Thanks. That sounds like what I need.

Lmatnme, thanks. the link is not a problem and I appreciate it vs. making me search for something. My current system lets me use 1 remote as a transmitter, and 1+ as receivers. I can set of 10 remote camras if I had 11 transmitters. But I must press the remote, and I'd prefer to press the shutter button on the camera in my hands. That lets me compose and shoot normally, while the remote just fires. 

Say for example B-Ball, I am under the net and 3 feet off the court, but also shooting remotely from the rafters:


Untitled by RexPhoto91, on Flickr


----------



## winglet (Jun 18, 2014)

I don't understand the problem exactly, can't you just put one trigger in the hotshoe of the camera in your hand, the other with a shutter release cable attached to the remote camera? Then when you fire the camera in your hand, it would trigger the remote camera?
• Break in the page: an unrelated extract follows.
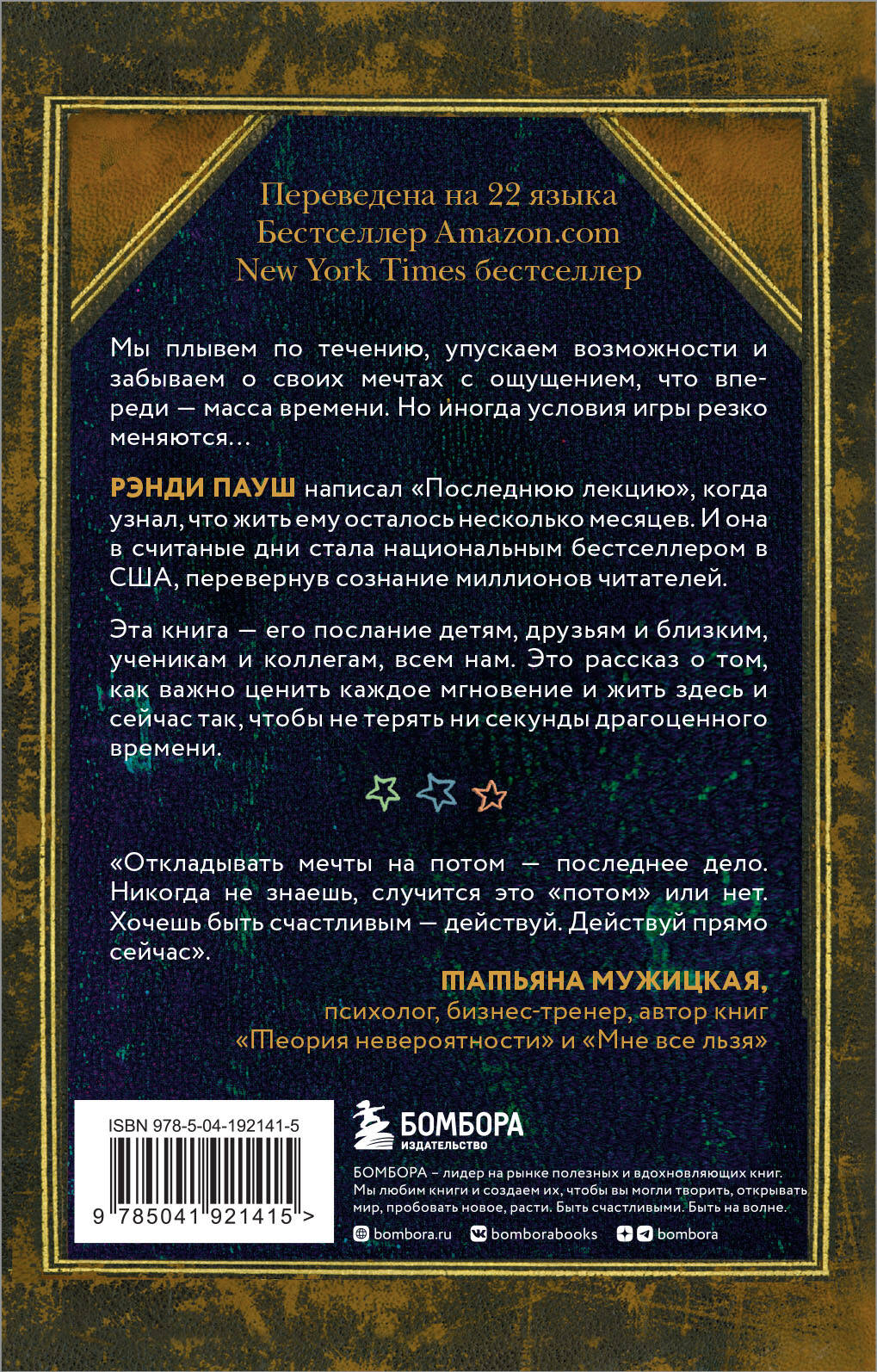 «Сданные нам карты сменить нельзя, но разыграть их можно по своему усмотрению». - Рэнди Пауш МЕЖДУНАРОДНЫЙ БЕСТСЕЛЛЕР. БОЛЕЕ 15 МИЛЛИОНОВ ПРОДАННЫХ ЭКЗЕМПЛЯРОВ ПО ВСЕМУ МИРУ. Что в нашей жизни действительно важно, а что - лишь бестолковая суета? Как надо жить, что делать, чтобы потом не жалеть о напрасно потерянном времени, несбывшихся мечтах, нереализованных возможностях? Очень часто мы не задумываемся об этом, плывем по течению, барахтаемся в рутине с ощущением, что впереди - масса времени. Но иногда условия игры резко меняются... Рэнди Пауш написал «Последнюю лекцию», когда узнал, что жить ему осталось несколько месяцев. И она в считанные дни стала национальным бестселлером в США, перевернув сознание миллионов читателей. Эта книга - его послание детям, друзьям и близким, ученикам и коллегам, всем нам. Это рассказ о том, как надо жить. Как ценить каждое мгновение. Как трепетно относиться к детским мечтам. Как жить так, чтобы не терять ни секунды драгоценного времени. Отзывы: «Откладывать мечты на потом - последнее дело. Никогда не знаешь, случится это потом или нет. Хочешь быть счастливым - действуй. Действуй прямо сейчас». - Татьяна Мужицкая «Рэнди Пауш писал книгу для жены и детей. И вряд ли предполагал, что она будет переведена на десятки языков, ее прочитают миллионы человек и она станет мировым бестселлером». - The Washington Post «Я лично была знакома с Рэнди Паушем, он был гостем в моем шоу. Удивительный человек, написавший книгу, которая потрясла миллионы людей». - Опра Уинфри| Издательство | ООО "Издательство "Эксмо" |

Which model of triggers do you have?


----------



## TexPhoto (Jun 19, 2014)

winglet said:


> I don't understand the problem exactly, can't you just put one trigger in the hotshoe of the camera in your hand, the other with a shutter release cable attached to the remote camera? Then when you fire the camera in your hand, it would trigger the remote camera?
> 
> Which model of triggers do you have?



I have RF-603c's. And that is exactly the problem. Using one as a transmitter will fire the remote camera only if you press the button on the transmitter. Placing it on the hotshot and firing the camera does nothing. If you set up the receiver with a flash, the flash will fire.


----------